DocketNumber: 7926SC917
Citation Numbers: 266 S.E.2d 14
Judges: Robert M. Martin
Filed Date: 5/20/1980
Status: Precedential
Modified Date: 10/19/2024
Plaintiff by his first assignment of error contends that the court erred in denying his motion to amend his complaint to include a second claim for relief based on unfair and deceptive acts and practices in violation of G.S. 75-1.1. It has been repeatedly held that a motion under Rule 15(a), N.C. Rules Civ. Proc. for leave of court to amend a pleading is addressed to the sound discretion of the trial judge and the denial of such motion is not reviewable absent a clear showing of an abuse of discretion. Hudspeth v. Bunzey, 35 N.C. App. 231, 241 S.E. 2d 119, cert. denied and appeal dismissed, 294 N.C. 736, 244 S.E. 2d 154 (1978); Garage v. Holston, 40 N.C. App. 400, 253 S.E. 2d 7 (1979).
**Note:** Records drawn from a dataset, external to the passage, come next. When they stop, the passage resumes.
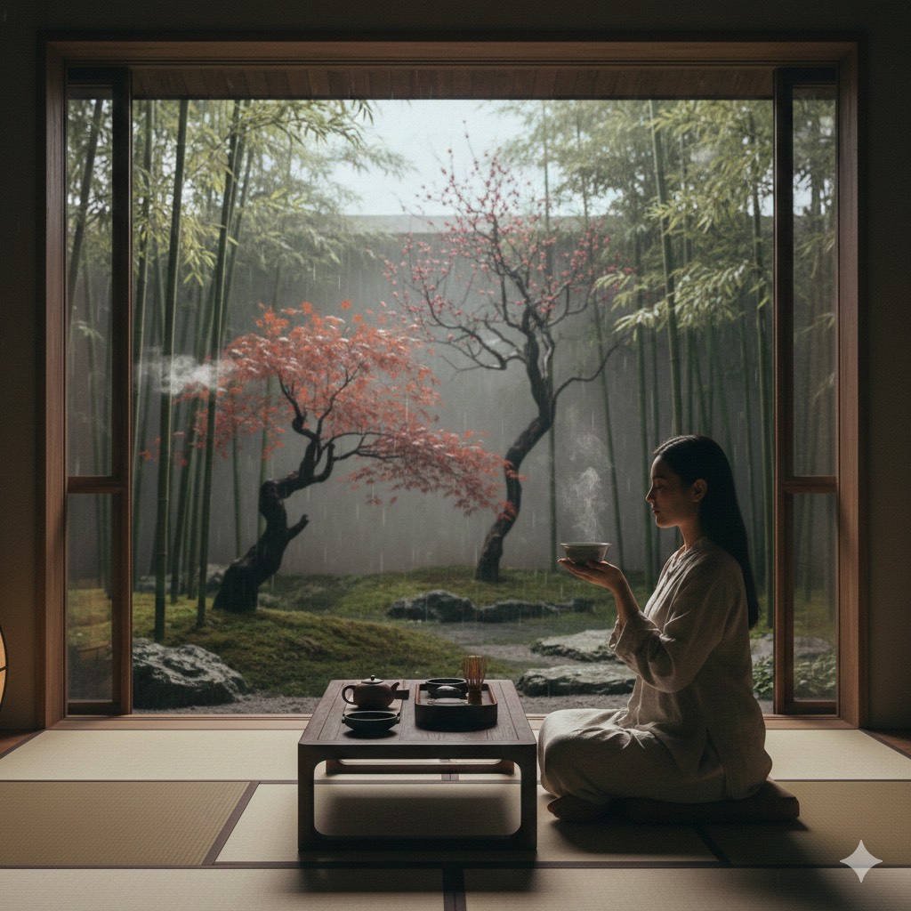 落地窗前有東方韻味的竹、苔、梅、楓,
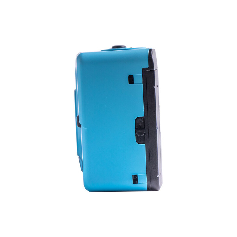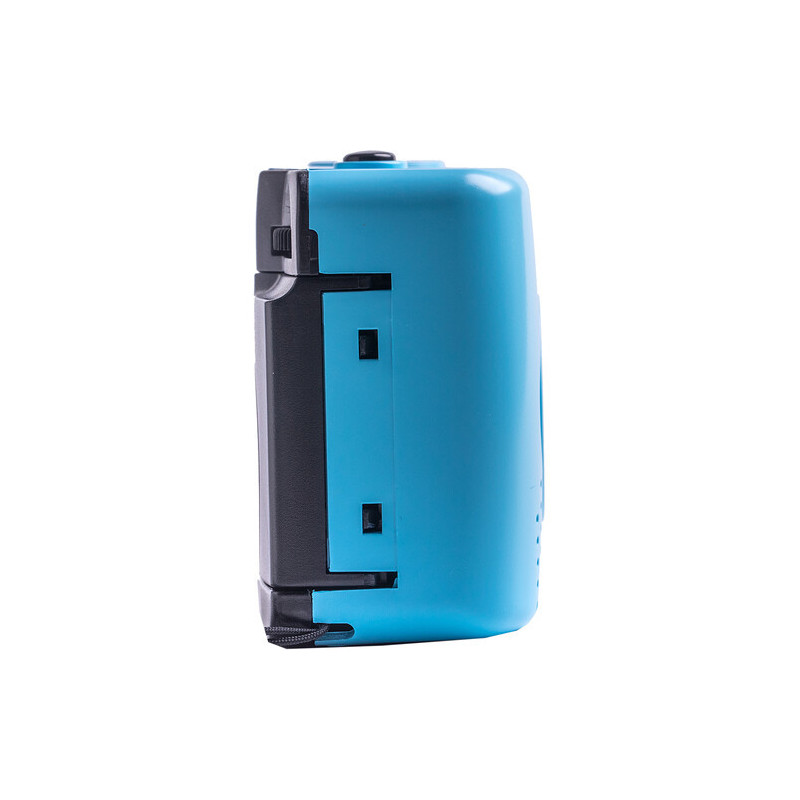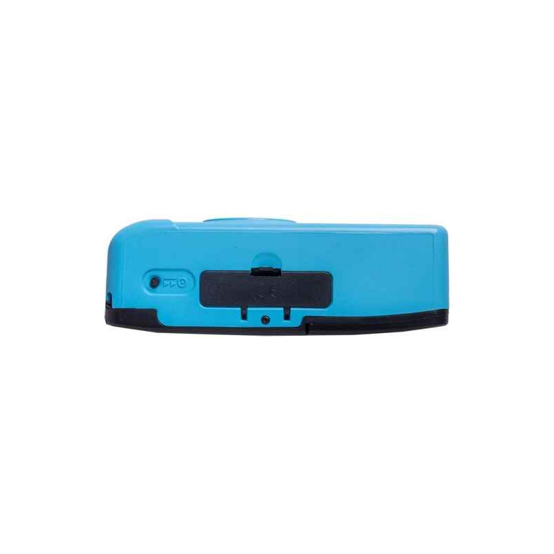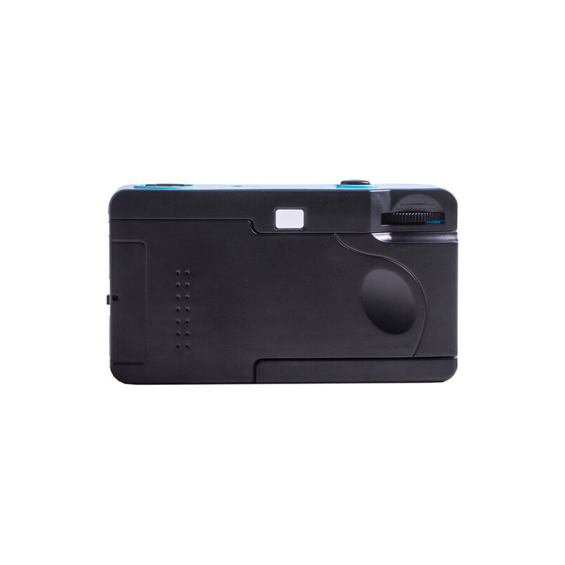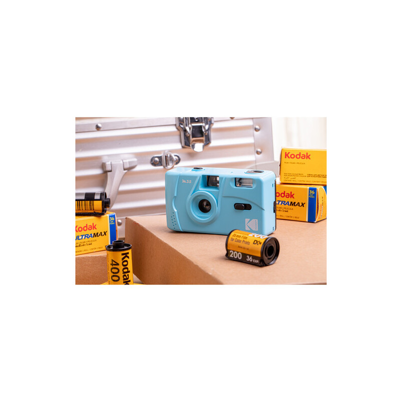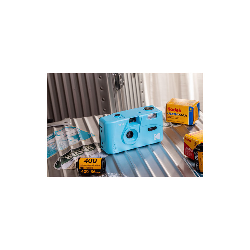 The Kodak M35 Film Camera with Flash in cerulean blue is a small reusable film camera that uses 35mm film. This camera features a 31mm fixed focus lens, manual film winding and rewinding, and a built-in flash with an on/off switch. It is also conveniently powered by one AAA alkaline battery. Load a roll of 35mm film into the camera and take your photos, then rewind the film and have it developed.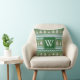 Norwegian knit inspired green with white Nordic fir trees pattern. The centre features a green decorative square and your choice of white monogrammed letter. The back of the pillow is full pattern.
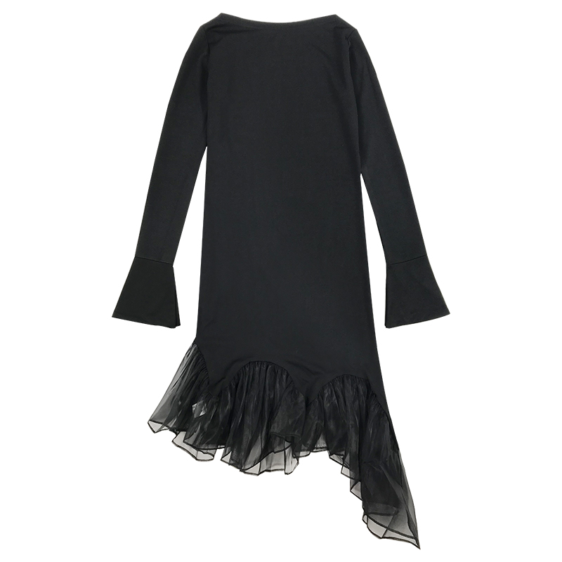 / 連衣裙女秋冬裝2018新款網紗拼接魚尾長袖打底裙黑色高腰中長裙子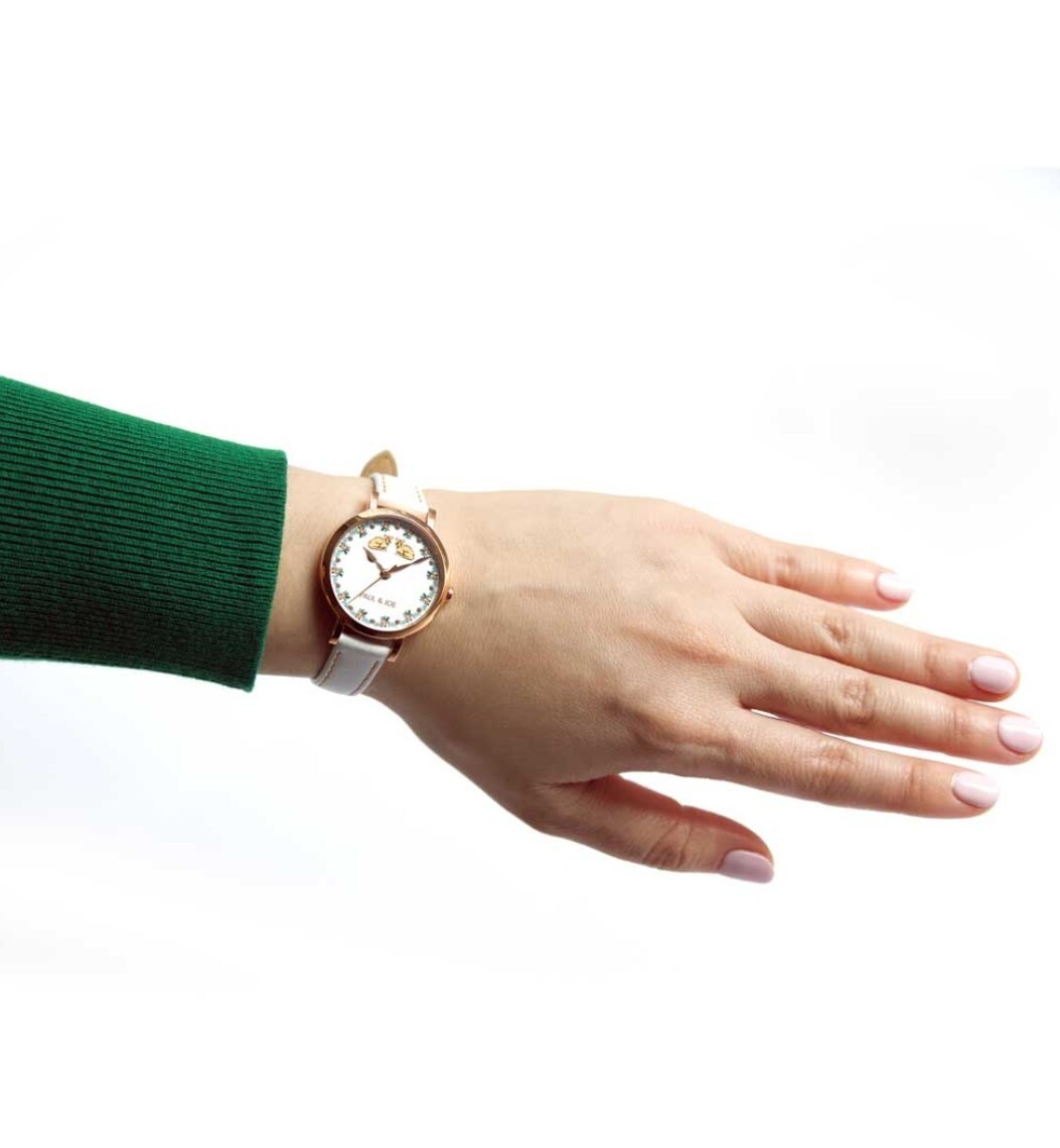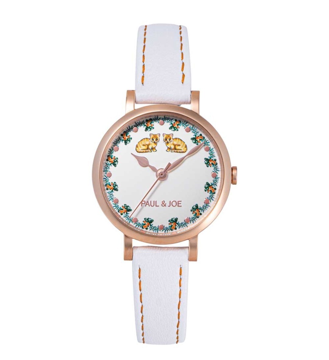 柔らかな光沢をもつパーリーホワイトのダイアルには、蔓ばらに囲まれた2匹の愛らしい猫をデザインし、繊細で自然なタッチとカラーが美しい、絵本の1ページのような仕上がりに。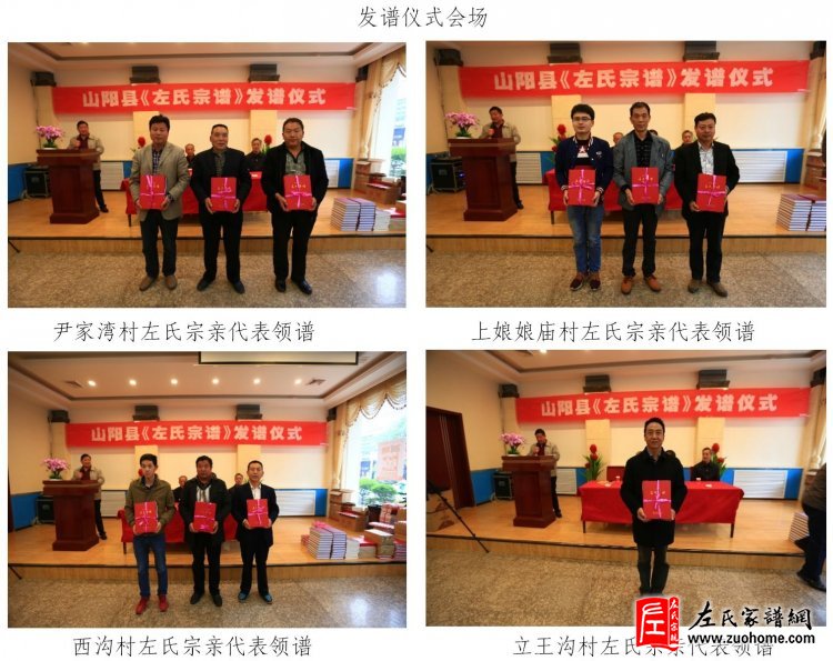 | “参天之木,必有其根,环山之水,必有其源”。寻根问祖、追本溯源是中华民族的传统美德。陕西省商洛市山阳县牛耳川镇左氏家族德仪公后裔子嗣,为了敬宗收族,敦伦睦亲,修编宗谱,告慰先祖,启迪后人,于2013年(农历癸巳年)清明节向尹家湾村、上娘娘庙村、西沟村、柞水县红岩寺镇立王沟村等四个村的左氏宗亲发出了续修族谱的倡议。经过2年多的不懈努力,完成了陕西省山阳县《左氏宗谱》(德仪公支系)的编修工作,结束了我族无谱的历史,实现了我族认祖归宗的第一个夙愿,并于2015年(农历乙未年2月17日)4月5日清明节在山阳县城关镇开源大酒店举行了隆重的发谱仪式。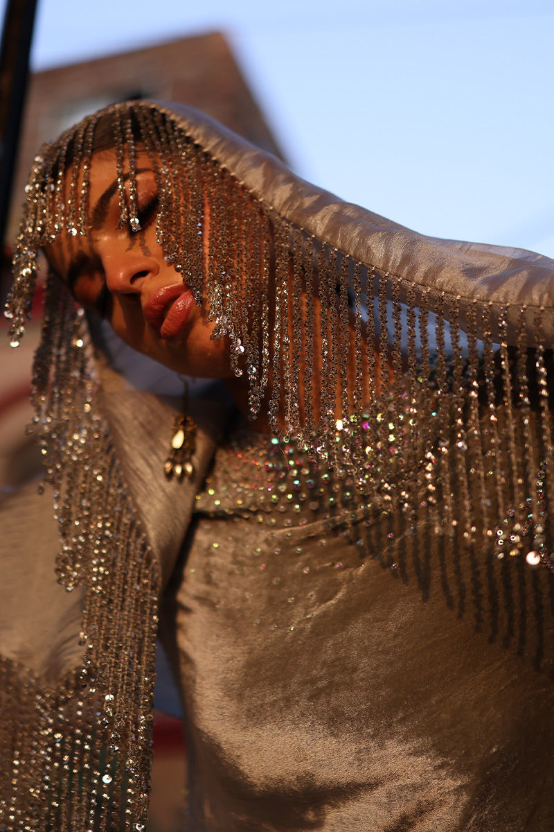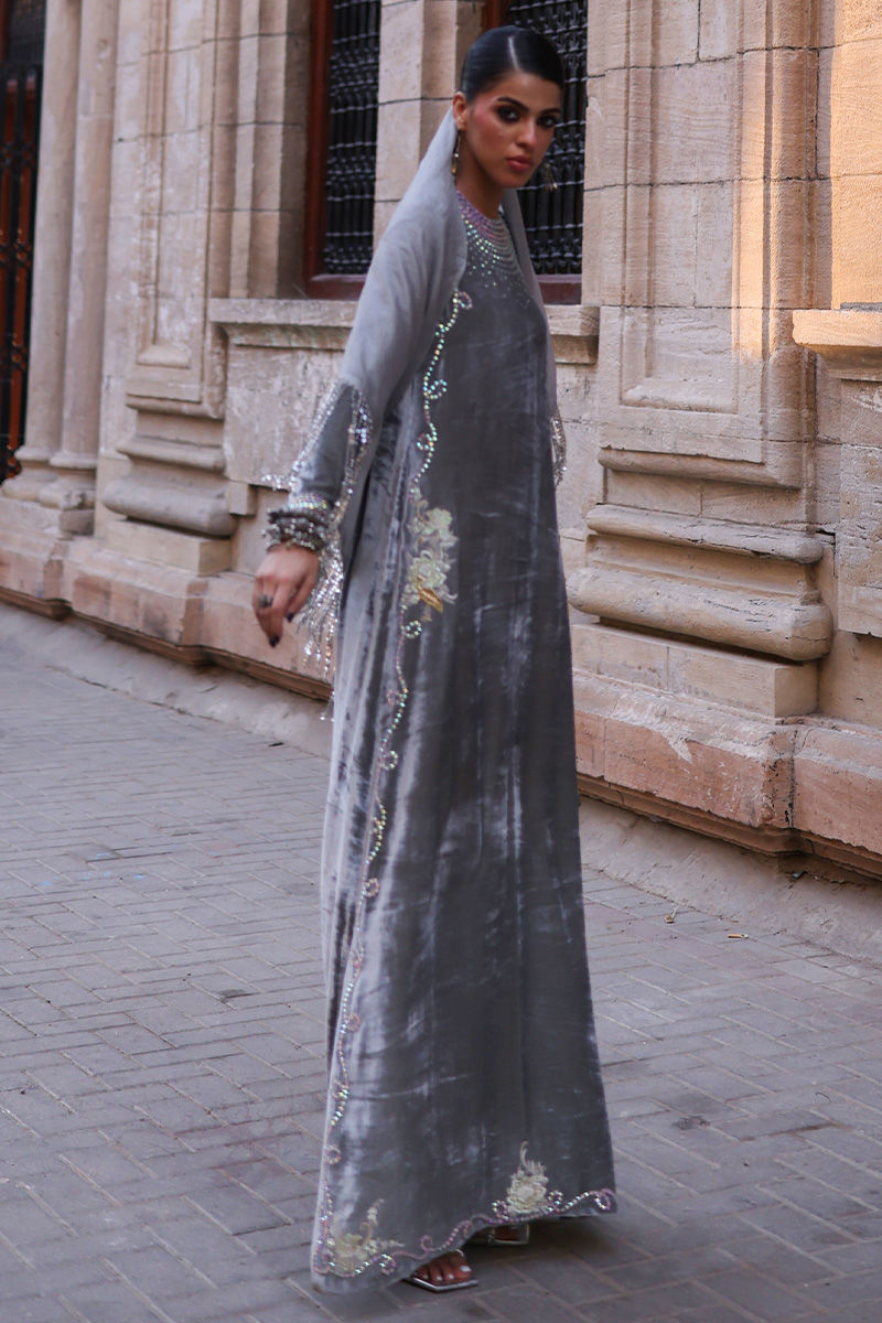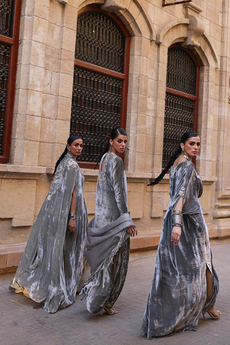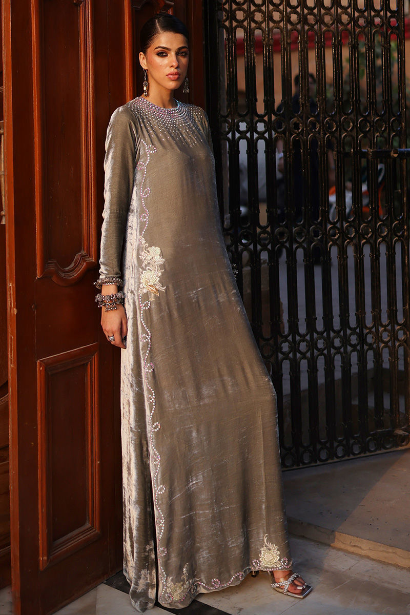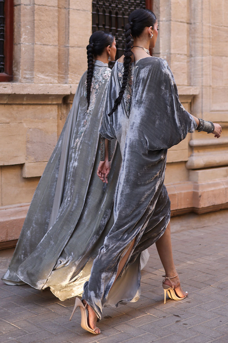 An elegant Desert Sage kaftan crafted from pure velvet, adorned with exquisite hand-stitched stonework featuring zari, resham, cutdana, sequins, dabka, and nakshi detailing on the front, back, and sleeves. The silhouette is thoughtfully designed with functional pockets for added ease. Paired with a refined shrug in diamond silk and culottes or pants tailored from soft cotton charmeuse, this ensemble blends luxurious craftsmanship with understated sophistication—a perfect choice for timeless festive charm.

The trial court denied the motion, “. . . it appearing to the Court that there is no just reason for allowing such amendment.” Although the trial court did not state specific reasons for the denial of the motion, in the absence of any declared reason for the denial of leave to amend, this court may examine any apparent reasons for such denial. See Public Relations, Inc. v. Enterprises, Inc., 36 N.C. App. 673, 245 S.E. 2d 782 (1978). In the present case we find the following apparent reasons for the denial of leave to amend. The actions complained of occurred from May to July of 1972. Plaintiff filed his action on 27 May 1975. It was not until 8 May 1979, two days prior to the trial on 10 and 11 May 1979, four years after the filing of the action, and seven years after the facts which gave rise to the lawsuit that plaintiff made his motion to amend. The proposed amendment set forth for the first time in the present suit allegations of unfair and deceptive practices under the unfair competition statute. These allegations would not only greatly change the nature of the defense to what was a breach of contract action but also would subject defendant to potential treble damages which greatly increased the stakes of the lawsuit. Had the motion been allowed, further discovery and time for preparation would likely have been sought, thus further delaying the trial. In light of these factors, the judge’s denial of plaintiff’s motions did not constitute an abuse of discretion.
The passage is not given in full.